Connections

It was dark when I got up this morning, and the ground outside was frozen. Death is much on my mind. The sadness of it. And the wonder of it. As we plan for our mother’s service and burial, I remember our second child, who was born 34 years ago today and lived only three days. My mother, who was not born to grow old, lived for 90 years, almost all of them filled with a zest for living. I have never known life without her. My daughter I barely knew. She lies in a Quaker graveyard overlooking the peaceful hills of Chester County, Pennsylvania, in a plot she shares with her maternal grandmother, who died too young at 62, and grandfather, who lived fully for two more decades; her cousin Dallas, who died suddenly at three months and whose parents I first met at her graveside service; and, in unmarked graves, Leonid Berman, the painter who fled the Russian Revolution and survived the Holocaust in rural France, and his wife, the harpsichordist Sylvia Marlowe.

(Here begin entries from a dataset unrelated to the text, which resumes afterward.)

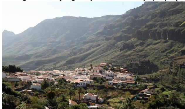
Ĉarmaj urbetoj en fekundaj valoj inter krutaj montoj – Gran Canaria

Due ankaŭ por homoj, kiuj interesiĝas pri biologio, insuloj havas apartan allogon: faŭno kaj flaŭro sen interŝanĝo kun aliaj regionoj ofte naskis siajn proprajn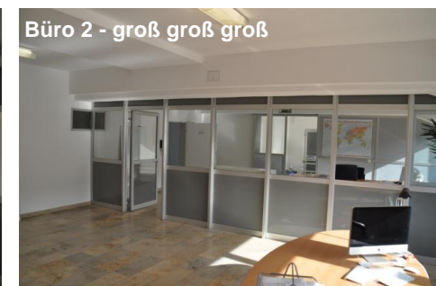
Büro 2 - groß groß groß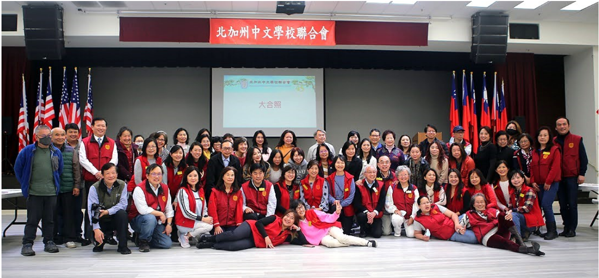
會員學校理事們與本會工作同仁們大合照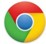
<インターネット ブラウザ>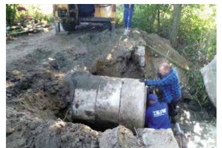
Remont przepustu w miejscowości Piłka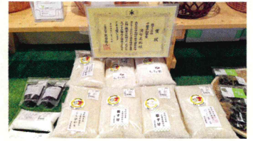
令和4年度千葉米食味コンクール(粒すけの部)千葉県知事賞(1位)受賞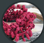
Mireille Tanner-Girod ESPACE ROUGE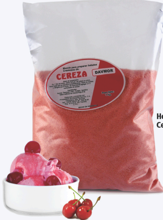
Helado de Cereza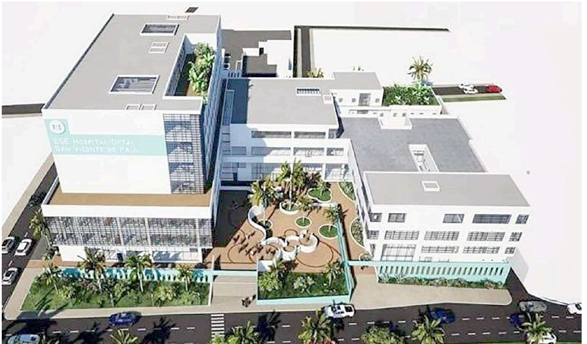
Maqueta del proyecto.

El proyecto está por un valor cercano a los $80mil millones de pesos y según lo dicho por el gerente “seguramente no necesitará más ajustes, pues los que se ganen el concurso, analizarán los cambios del mercados y correrán con los ajustes”.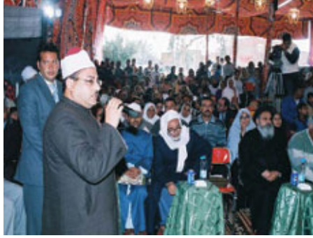
Beni Suef’de bir din lideri halka aile planlamasını anlatıyor.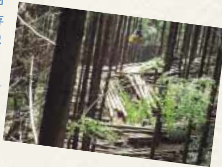
間伐により森林を手入れする。切り出した木材は発電の燃料として活用。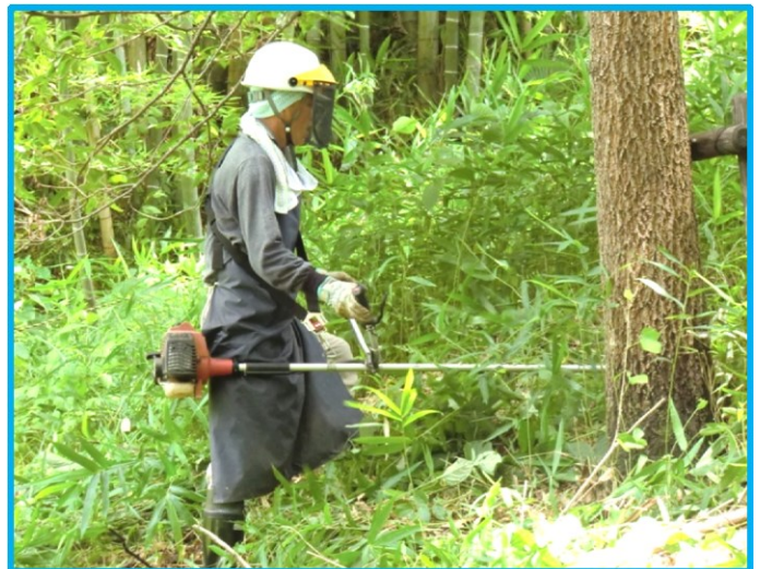
・ 竹林エリアの草刈り (友人・加茂さん)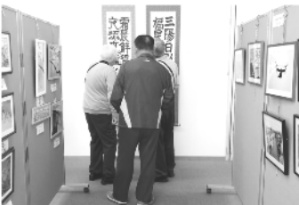
作品展示に見入る

て欲しいなどの意見もいただきました。皆さん真剣に見られたことが良く伝わってきました。オカリナ演奏では、良く知っている曲が多く、楽しく口ずさみながら聴いていた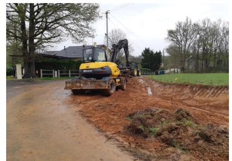
Pendant les travaux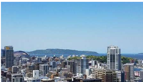
【その他】北西側 西公園、能古島が一望できます。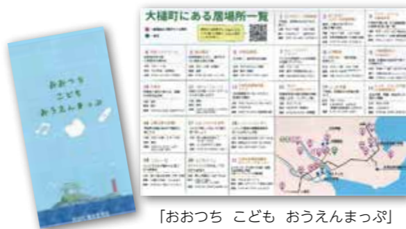
「おおつち こども おうえんまっぷ」

大槌学園前期課程・吉里吉里学園小学部の家庭に「おおつち こども おうえんまっぷ」(子どもの居場所として受け入れ可能な施設の地図)を配布し、子どもの居場所について周知するとともに、OLAIや吉里っ子スクールによる学習支援をはじめ、カタリバによる5・6年児童対象の夏期学習会、中央公民館赤浜分館や吉里吉里分館の開放や体験学習、東京大学大気海洋研究所「おおつち海の勉強室」の見学の受け入れなど、夏休みならではの企画をたくさん実施していただきました。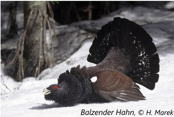
Balzender Hahn

In der Steiermark ist die Art ein regional vorkommender Jahresvogel. Die Bestände im Norden der Steiermark werden als zufriedenstellend eingeschätzt. Die Zahl der Individuen nimmt allerdings jährlich ab.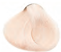
COLOR SPLENDOR NEUTRO

Coloración directa y semipermanente sin oxidación al cabello.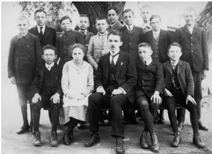
Třídní kvartánů ve Zlatých Moravcích.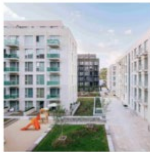
Viesturdārza kvartāls “RUUME arhitekti”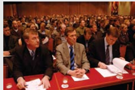
Frá ráðstefnunni Framtíðin er í okkar höndum

Saga og starf Samtaka iðnaðarins er að mörgu leyti samofið samningnum um Evrópska efnahagsvæðið. Það er skemmtileg staðreynd að EES-samning-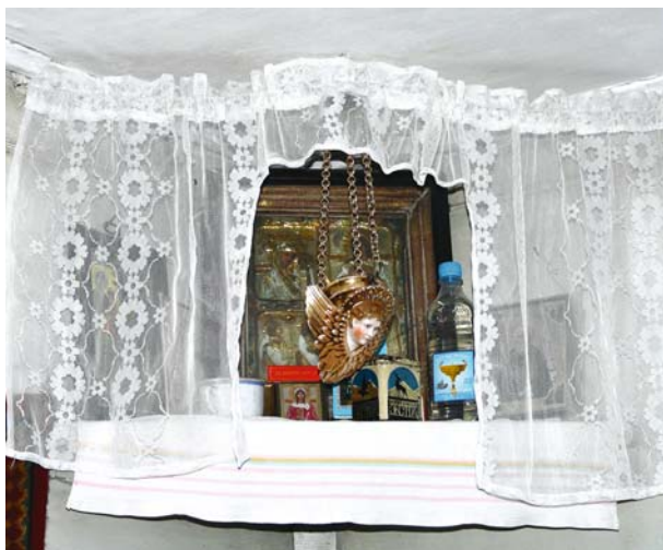
Рис. 1. Божница в доме коми-ижемцев, д. Новый Киеват Шурышкарского р-на, 2010 г.

It’s an eclectic community, so resonant of life’s caprices. For reasons I don’t really understand, I feel connected to all of them, as much now as when they were alive. I wonder where they have gone and why some of their lives were cut so short, while others survived wars and shipwrecks.

The daylight has come, and the ground will thaw. But I still wonder why, with all the sadness death brings, we inflict it so wantonly.